7. The principles in regard to revaluation may therefore be summarised thus:--

(a) A student has no right to seek revaluation of an answer-script unless the rules governing the examination specifically provide for revaluation. A provision for 'scrutiny' or 'retotalling' of marks or 'rechecking the results' in the Rules does not entitle a student to seek re-Valuation.
(b) Where the rules do not provide for revaluation, the High Court will not normally direct the production of the answer scripts for its scrutiny or order revaluation. But in rare and exceptional cases where malafides or tampering is made out, or where injustice has been caused on account of gross negligence, the Court may direct revaluation in exercise of its jurisdiction under Article 226 of the Constitution.
(c) Ascertainment of malafides and tampering depends on facts of the case and for that purpose, if necessary, the answer script may be summoned.
(d) Ascertainment of "gross negligence resulting in injustice" is a more difficult exercise. A student who has consistently secured very high marks in a subject in the last few years examinations, is shown to have failed in such subject, the Court may consider it to be a prima facie evidence of such negligence and call for the answer scripts. The mere fact that a student feels that he deserved more marks or alleges negligence, can not be a ground to call for answer scripts. On securing the answer-script, the Court may examine it or take the assistance of a qualified teacher to examine it. If the Court finds any gross negligence resulting in injustice which shocks its judicial conscience, it may direct revaluation.
(e) But change in marks on account of perceptional differences in assessment can not be a ground for re-valuation. Different examiners may evaluate the same answers differently resulting in lesser or higher marks being awarded. Re-valuation is not to be ordered merely because another valuer is of the view that the marks should have been different. In traditional examinations where the purpose is to test the knowledge, grammar, logic or reasoning, the perceptions about the answers may vary from examiner to examiner. (Of course where the examination is of objective type, where the student is merely to mark 'yes' or 'no', or choose one of the multiple answers, there can not be any difference in valuation.)
(f) While fairness in examinations is impliedly assured by the Board, exactness in valuation in individual cases can neither be assured nor be claimed. Certain margin of human error, over- sight, and perceptional difference is part of the valuation system, where thousands or lacs of answer scripts are evaluated by hundreds or thousands of evaluaters. Therefore, even where the Court secures the answer script and examines it or gets it examined by an independent teacher, re-valuation should not be ordered merely because there is some difference in valuation or because one or two answers have not been valued or have been wrongly valued. To repeat, malafides or tampering or gross negligence (and not small or negligible errors or perceptional changes) is a condition precedent for ordering re-valuation.

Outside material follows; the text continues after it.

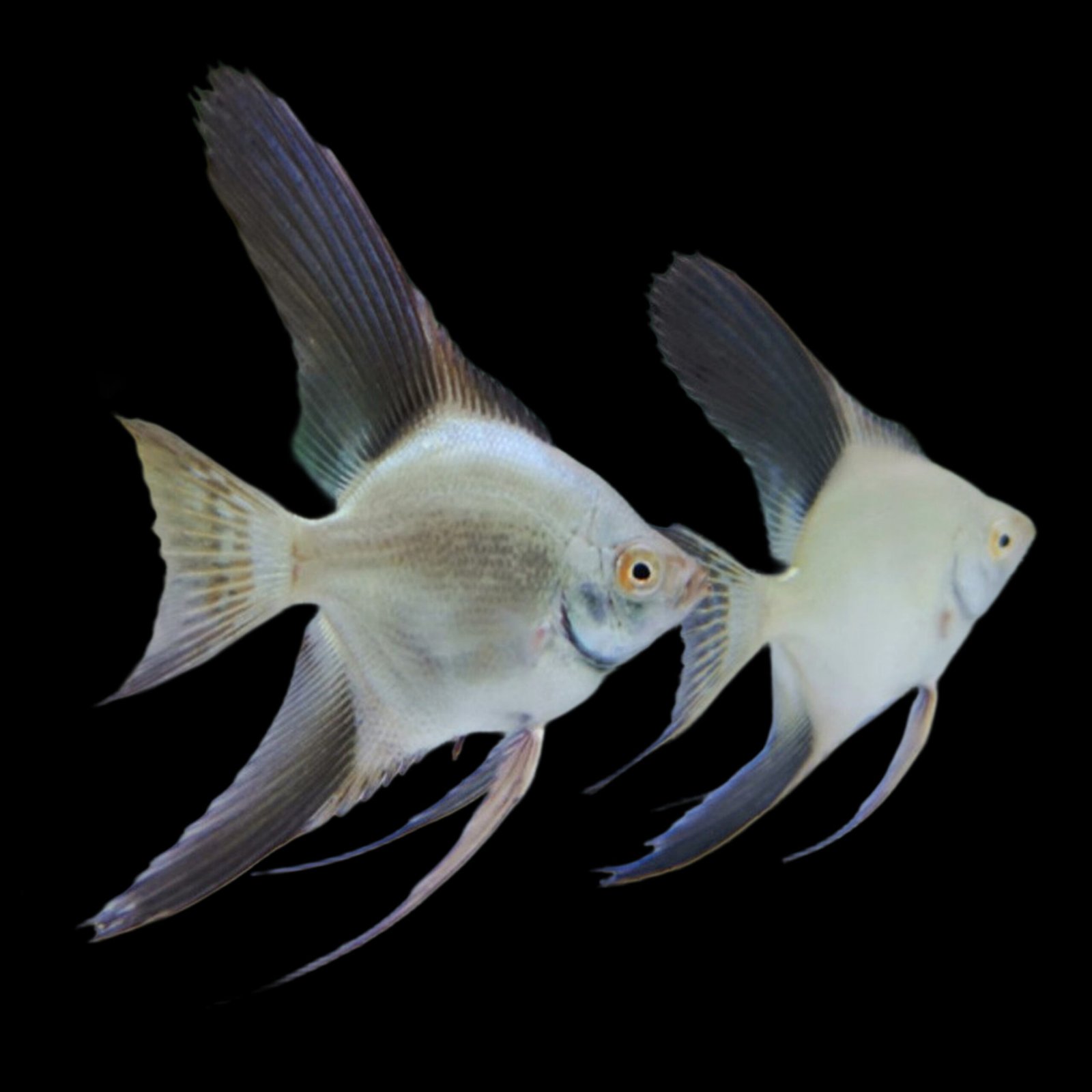 The Bulgarian Seal Point Angelfish (BSP) is one of the most elegant and rare angelfish morphs, known for its icy white body and dark-tipped fins. Its unique seal-point contrast makes it a highly prized variety among hobbyists and an eye-catching centerpiece in planted aquariums

8. On applying the said principles, we are clear that the appellant in this case is not entitled to seek production of answer-scripts or revaluation. The appellant has not made out any malafides or tampering. The appellant has passed with an average 76% marks. The fact that he may get a few more marks, on revaluation, is not a ground for summoning the answer script and order re-valuation. Where the student has already secured a high percentage of marks, there is no case for 'gross negligence resulting in injustice'. Courts should not be swayed by sympathy and rhetoric in such matters. As observed by the Supreme Court 'pragmatism' and not 'idealism* should be the basis for interference in such matters.

9. We, therefore, find no reason to entertain the appeal. The appeal is dismissed.